He laughed, delighted. "Ouch. She's feisty."

"She's busy," Marina cut in, amused. "If you keep her talking, I'm going to steal her notes later and pretend they were my idea."

We slid into an easy conversation; Jake telling a self-deprecating story about his rookie year, me filing away a few lines for potential cross-promos. He had that effortless, born-for-media vibe that made sponsor decks write themselves.

It should've been purely professional, except I could feel it: that familiar prickle between my shoulder blades.

I glanced up once and caught Nick across the tent, half-listening to something Cameron was saying while absolutely tracking me.

His expression was not neutral.

Not angry. Just...tight. Focused. Like he'd accidentally tuned to the wrong radio channel and couldn't stop listening.

Jordyn followed his gaze, clocked Jake, clocked me.
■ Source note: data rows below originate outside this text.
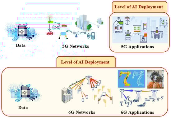 Building on the discussion of AI fundamentals, recent advances in artificial intelligence for 5G and 6G networks have further reshaped the way networks operate, enabling real-time decision-making, predictive resource allocation, and efficient deployment on edge devices. Innovations in neural network architectures, such as Transformer models, now support traffic prediction, allowing for proactive management of network resources [71]. Lightweight models like MobileNet and TinyML facilitate AI execution directly on edge devices, ensuring low latency and high efficiency in processing data locally [72]. Reinforcement learning algorithms, exemplified by the PRAXIS framework, enhance traffic optimization in URLLC, improving network reliability and responsiveness [73]. Moreover, AI-driven capabilities enable dynamic spectrum control and predictive resource management, maximizing network performance and user experience [74]. These developments illustrate the transition from the more centralized AI applications of 5G, which primarily focus on optimization and support, to the pervasive and autonomous AI-driven paradigm envisioned for 6G, where distributed, collaborative models allow networks to anticipate, adapt, and manage operations in ultra-dense and heterogeneous environments, supporting advanced services such as holographic communications and massive intelligent environments [72]. Table 4 summarizes how AI is applied across different dimensions of 5G and 6G networks, showing its growing role in optimization, automation, edge intelligence, and privacy-aware frameworks. Figure 6 shows an illustration of the role of AI in 5G and 6G Networks.
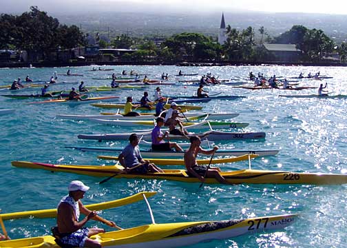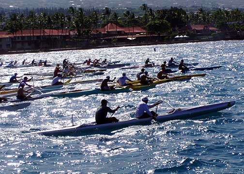Outrigger canoe racers waiting for the start of the race
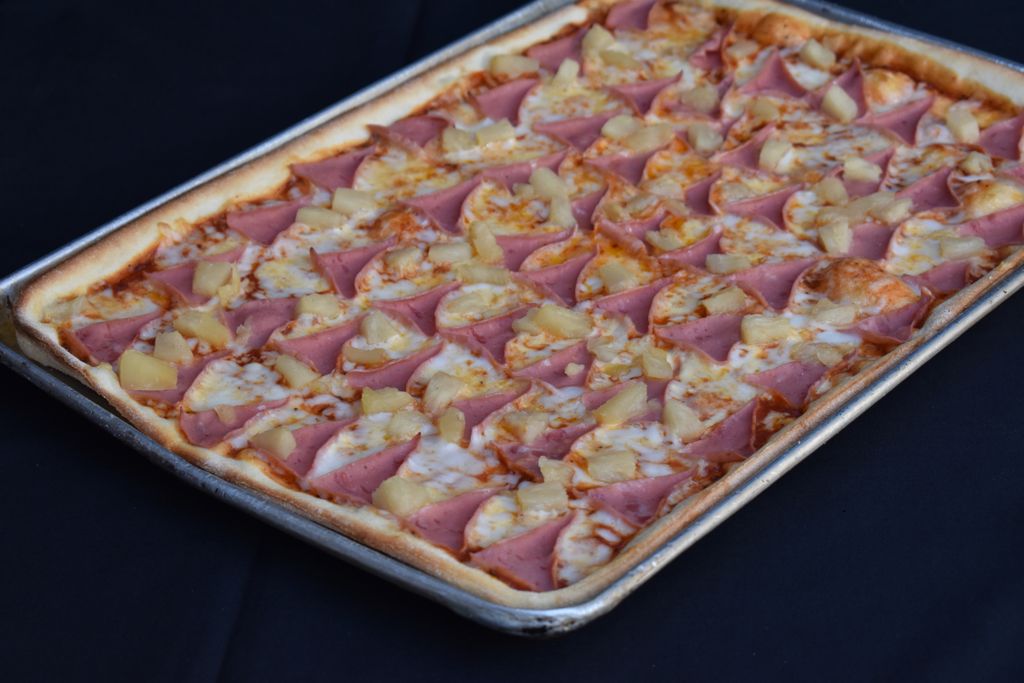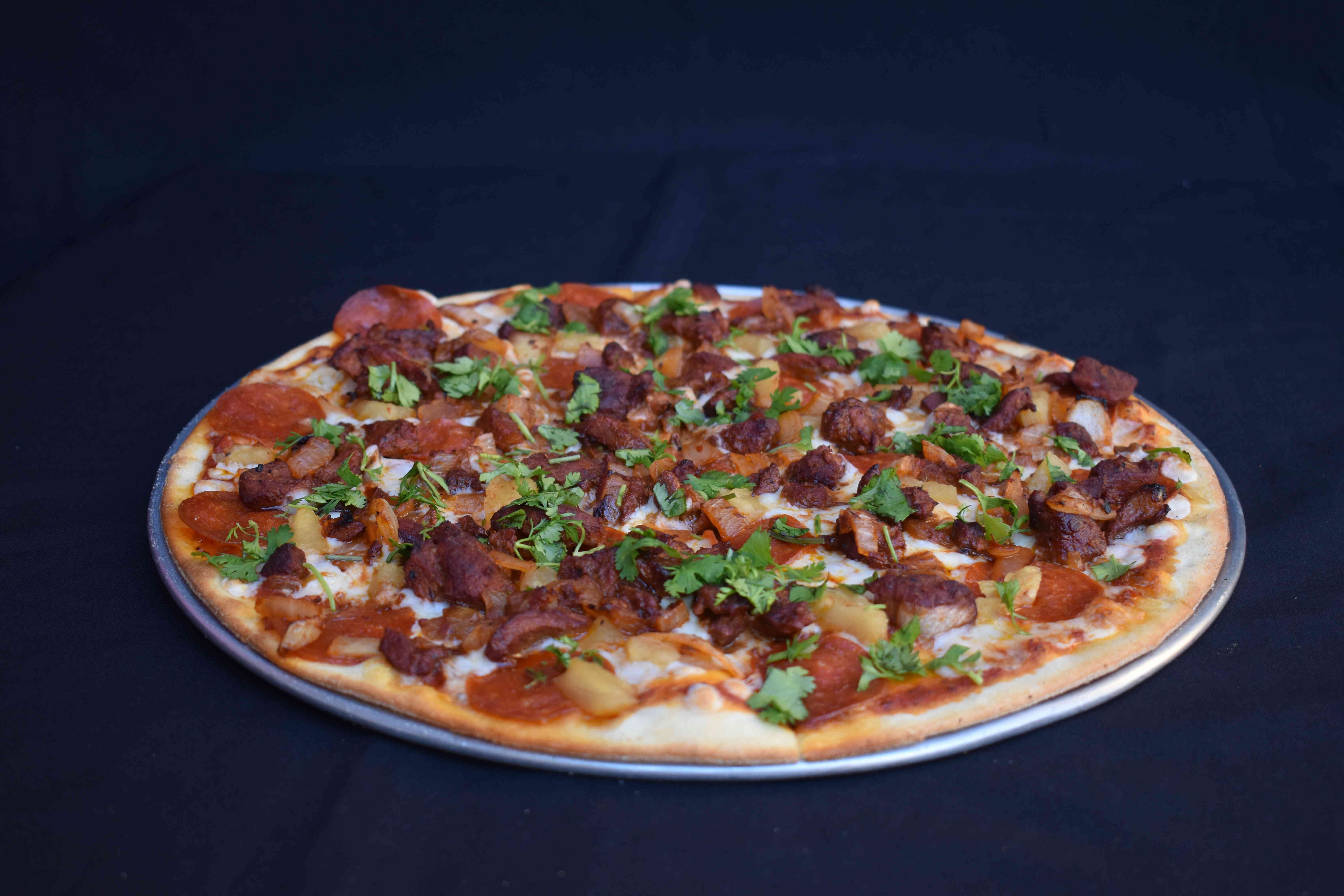 Carne adobada, peperoni, piña, cebolla asada y cilantro fresco.
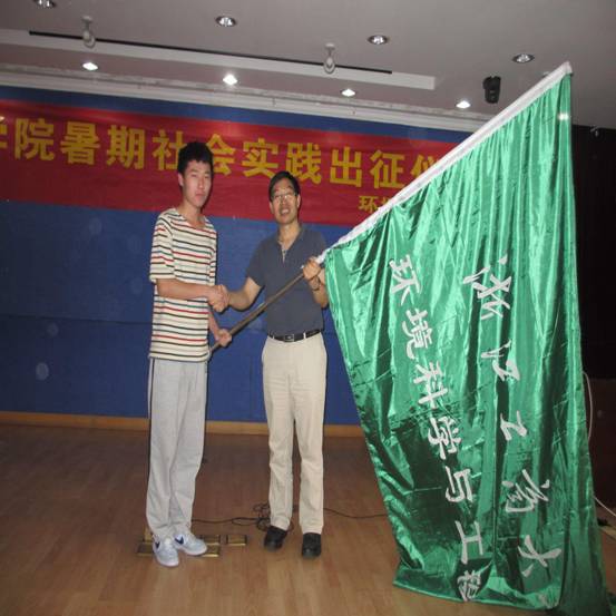 首先,由孙书记给暑期社会实践团队的学生代表授旗,他希望本次暑期实践可以取得圆满成功。然后,王连卿老师针对安全问题作出了几点注意事项——无论在何时何地,安全第一;队员务必服从负责人的安排,不得擅自离队外出;实践活动过程中也注意防暑等等。接下来,丁卫徐同学进行了暑期社会实践培训。首先,他给在场的各队员指出了暑期社会实践活动的意义——利用暑期实践去一展身手,奉献爱心,回报社会;同时,踏入苍茫的世界中去品尝世之初的香甜与苦涩。然后,就如何切合“科技支农农村行,环保宣传传浙江”这个主题给出了一些他自己的小小建议。最后,他对暑期社会实践的前期注意事项、团队成员的分工与合作、资金分配、费用报销、信息报送以及本次暑期社会实践评奖办法等一些容易被大家忽略的小细节进行了强调。就此,暑期社会实践出征仪式圆满结束。
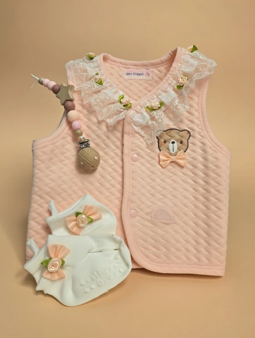 וסט עם צבעים רכים עם סיומת של תחרה ופרחים
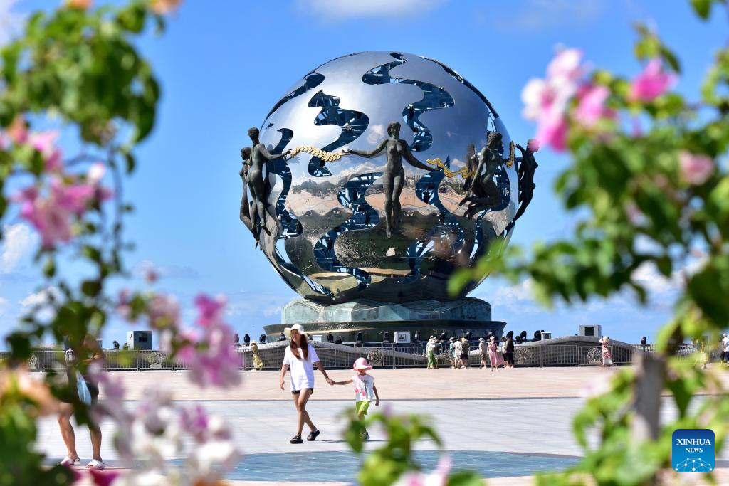 Tourists visit the Yintan (silver beach) scenic area in Beihai City, south China's Guangxi Zhuang Autonomous Region, Sept. 13, 2025. People across the country enjoy the autumn scenery in various ways during the weekend. (Photo by Liao Zuping/Xinhua)
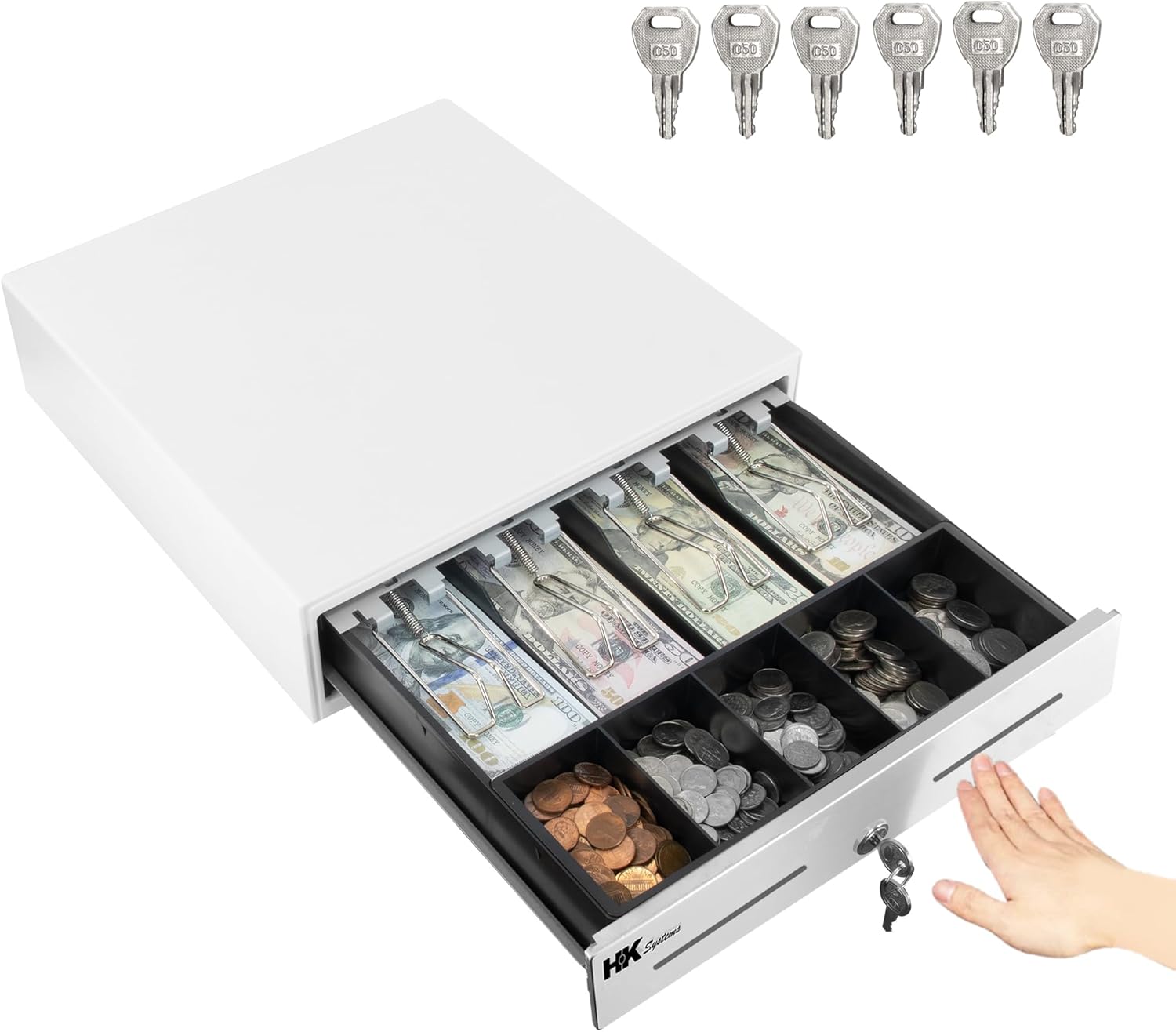 HK SYSTEMS 13inch Heavy Duty Manual Push-Open Cash Drawer with 4Bill/5Coin, Removable Till, "Stainless Steel Front" with Single Large Media Slot,White
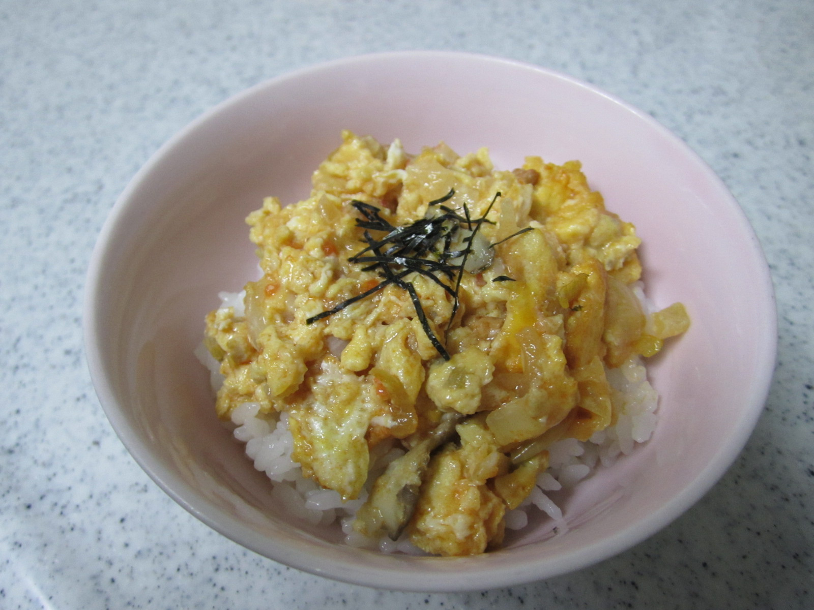 ほっき貝入りの卵丼です。 缶汁を使うことで旨みがぐっと上がります。
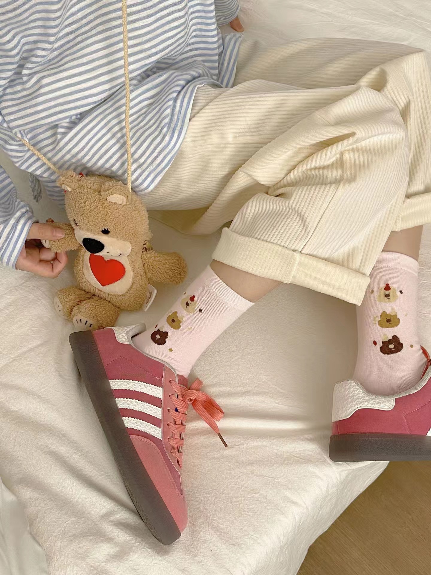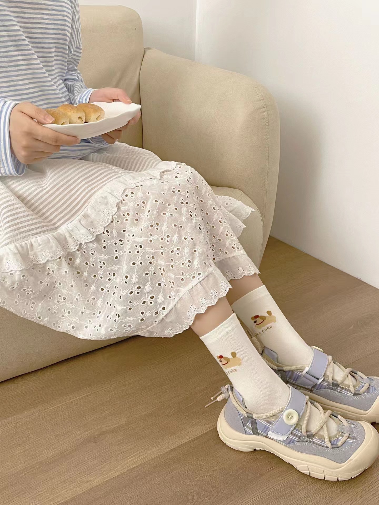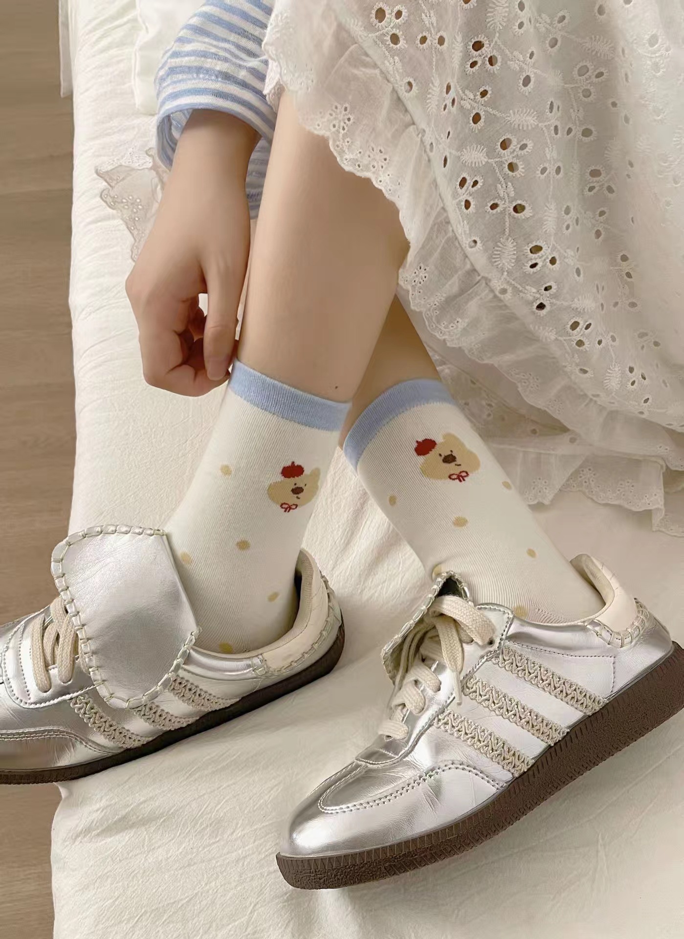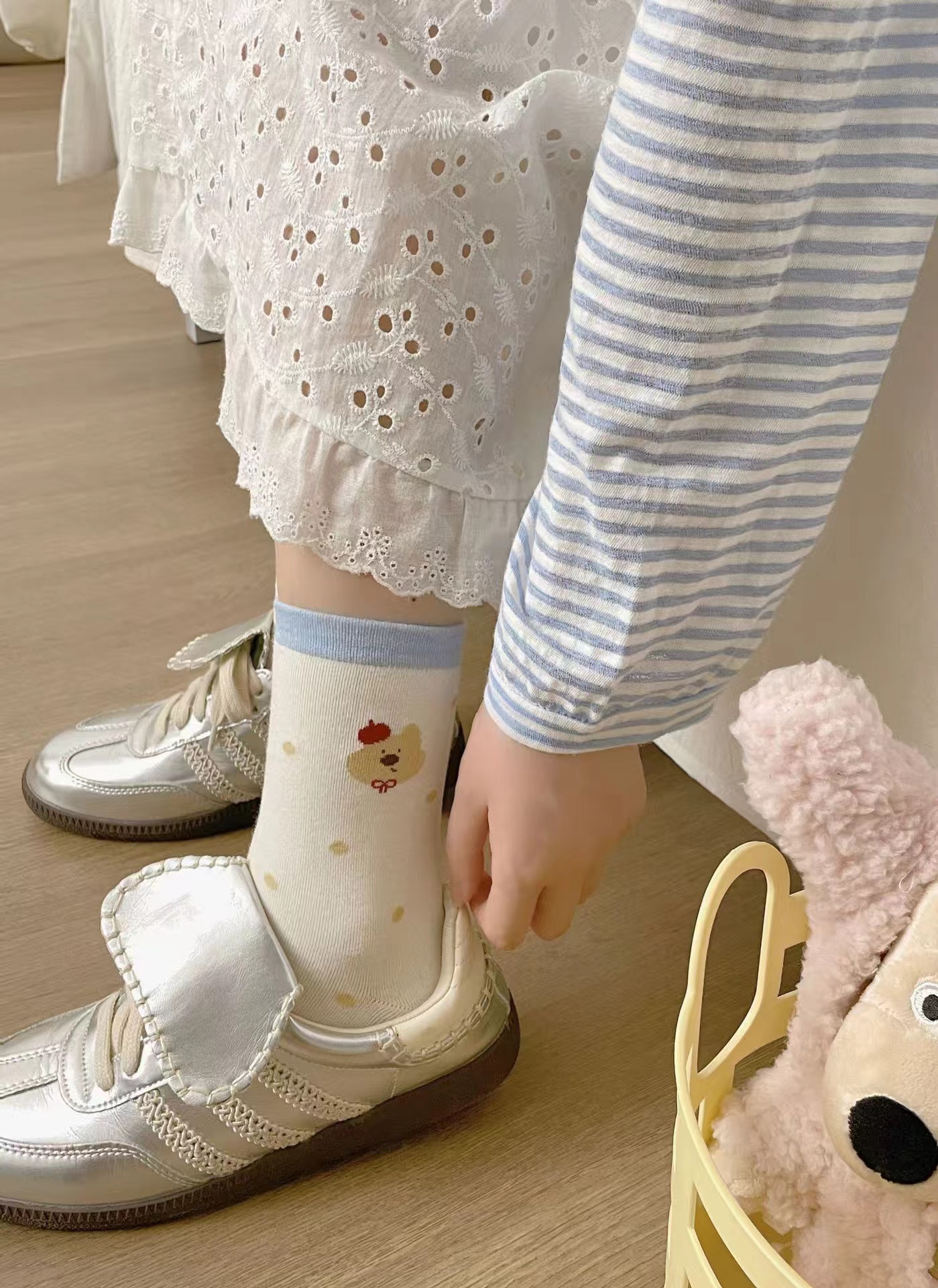 卡通袜子女中筒袜ins潮早秋季日系可爱学院风蝴蝶结小狗条纹长袜
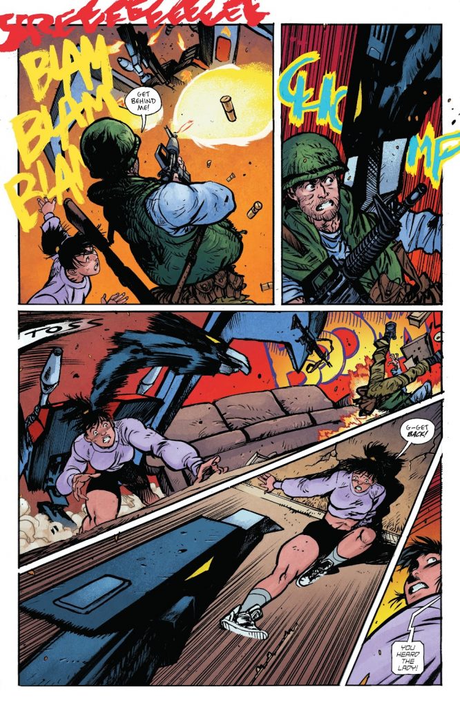 La tropa de Sparky sigue atacando a Optimus y Spike salta a tratar de ayudar a Optimus, y le cae una bala perdida para horror de su padre.
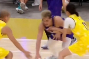 比賽當(dāng)中,郭艾倫與女籃前國(guó)手趙爽拉開(kāi)單挑,一波蝴蝶穿花運(yùn)球甚至晃倒趙爽,隨后躲開(kāi)曹芳干擾上籃打進(jìn)。
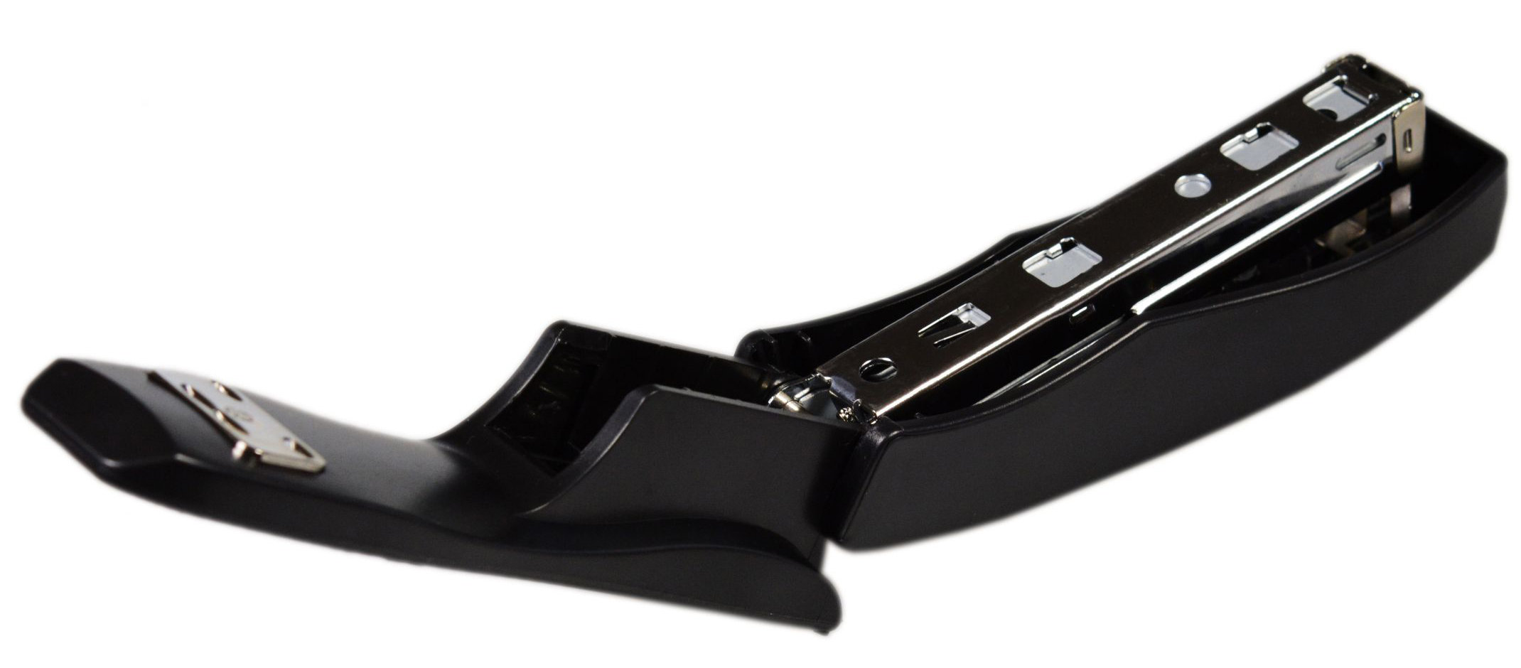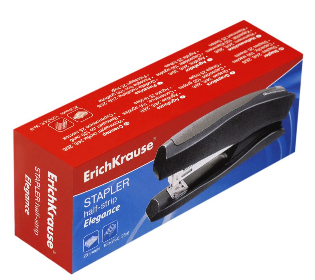 Степлер изготовлен из ударопрочного пластика с высококачественным стальным механизмом. Имеет два режима скрепления: постоянное и временное. На корпусе предусмотрена резиновая противоскользящая вставка. Имеет цельнометаллический механизм подачи скоб. Вмещает до 100 скоб №24/6 и до 140 скоб №26/6. Пробивает до 25 листов. Глубина закладки бумаги до 55 мм.

Her smile flickered for half a heartbeat before she turned the wattage back up and said something that made the guy next to her bark out a laugh.

The words from the bathroom echoed: He never stays.

Apparently, everybody knew that but the women he didn't stay for.

"And then my crew chief tells me, 'if you're gonna wreck it, at least do it on TV so the sponsors get their logo time,'" Jake finished.

I realized I'd missed half the story.

I snorted anyway. "That sounds...on-brand."

"Oh, totally," he said. "Anyway, if y'all ever want another driver for content, I'm more than happy to be the comic relief. God knows Hartley needs somebody to balance out his tortured-hero thing."

I choked on my drink. "His what now?"

Jake grinned. "You know. Broody underdog. Blue-collar kid made good. Looks like he's thinking about the weight of the world every time he stares off into the middle distance?"

I fought a losing battle with my face. "That's just his concentration look."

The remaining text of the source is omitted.